Habits of a Disciple-making Family

Deuteronomy 6:4-9 describes a disciple-making family. These are parents and a wider community who are focused and motivated about the faith they are passing on to the next generation. There is no time in a child’s life that they are not being shaped by ideas. Ideas are all around them and are constant. For the Christian parent, it is all about helping children be shaped in a Godly way. How do we do this in a modern, constantly changing world?

Building positive family discipling opportunities must be intentional and organic. It will be a set of habits and attitudes that everyone must learn. Habits can be difficult to learn together and will take perseverance. Don’t give up because it is hard. Anything worth doing will be challenging. Keep trying!

There are many wonderful and powerful opportunities for passing on faith. As parents, we need to be constantly on the lookout for creative opportunities to connect with our children and develop their faith, sometimes as a whole family and sometimes one to one.

Here are some examples from around the world which can help you think more holistically about family discipling. Thanks for all those who contributed practical ideas from the Global Children’s Forum (GCF) community. We have grouped them in different categories.

Walk the talk

It is true that children learn more from what they observe of you than what you tell them. They watch how you treat people, how you prioritize your time, use technology, have generous attitudes or not, take time to read/study the bible alone, or give gratitude to God regularly. Telling them to do these things without your example will be next to worthless. We must ‘walk the talk’.

Shared mealtimes

A key to connecting in a busy family is at meal times. Make this a priority for at least one or more meal a day. Family research has pointed to mealtimes being very significant in connection and positive culture building far beyond the act of just eating food. Just google ‘the significance of mealtimes for a family’ and you will see many articles.

At these shared mealtime parent can develop some habits/traditions that embed a Christian culture in the family.
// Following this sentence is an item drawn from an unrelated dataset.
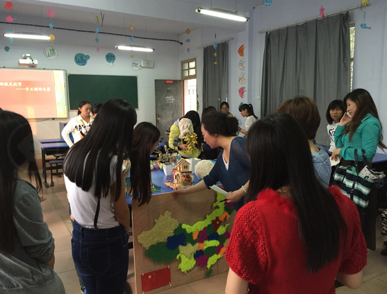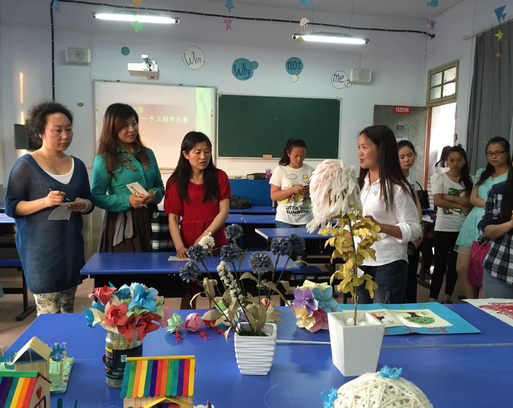 本次活动作品主要涉及折纸、教具、花球、剪纸、扣子画、钉子画、青花瓷台灯系列等,充分展示了各专业学生的聪明才智,表现了他们别具匠心的手工制作水平,同时也放映了他们对人生、生命主题的思考。展示完毕后,老师们对每一件作品分别进行了专业的评价,并且提出了宝贵的建议。

Here are some ideas.

  • Take it in turns to give thanks at mealtimes (grace).
  • Make up a unique family grace each new year. Write it up for everyone to remember.
  • Prepare and cleanup the meal as a team, not just mother. Have a roster to encourage everyone to contribute at different times. Fathers can be a powerful example here.
  • Share discussion at the meal. Share one high (good thing that has happened that day), one low (not so great thing that has happened that day) and where you saw God turn up.
  • Read the Bible together.
  • Pray together. Each person share something or someone they would like prayer for.
  • Have a set of discussion question cards in the middle of the table. One child takes and reads a question each night/week for everyone to answer. Eg What are you thankful for? What do you hope for? Tell us about a new friend you’ve made recently? What have you been learning about lately? These sorts of cards are commercially available too. [Look out for a ‘Chat Mat’ to use at mealtimes being launched soon – Aim Lower Journal will keep you posted].

Devotion times

There are many ways you can do devotions together. It can be separate to meals or done after a meal. It could have different names. Family altar, Devotion, Blessing time, or God time. Call it what you like. Here are some ideas.

  • Worship together. Sing. Play instruments together or put on CDs, YouTube or Spotify song mixes. Say an attribute of God such as ‘kind’ or ‘powerful’. Then ask each person to say how they have seen that attribute in their daily lives recently.
  • Altogether or in pairs. Pray before you open scripture, that God would show you what you need to see.
  • Study the Bible. Choose a passage that the children will be able to understand. Work through a book such as Mark or Philippians. It can be helpful to build skills in handling scripture by asking the same generic questions each time. This is a type of discovery Bible study (DBS).

– What do we learn about God?

– What do we learn about humans? Me?

– How does this passage point to Jesus?

– What will I do to respond to become more like Jesus?

  • Helping children to complete handouts from church or Sunday School can build a bridge. Display you children’s work around the house.
  • Write up and decorate Bible verses to remember as a family on a blackboard, white board, screen saver on the computer, or on a poster. Make it creative.

Special Milestones

A child’s life is full of milestones. Growth in height, age, accomplishments, school and work are all times for celebration. They are times to say again and again, ‘We are glad you were born. You enrich our lives in so many ways and we delight that God loves you and wants you to serve Him.’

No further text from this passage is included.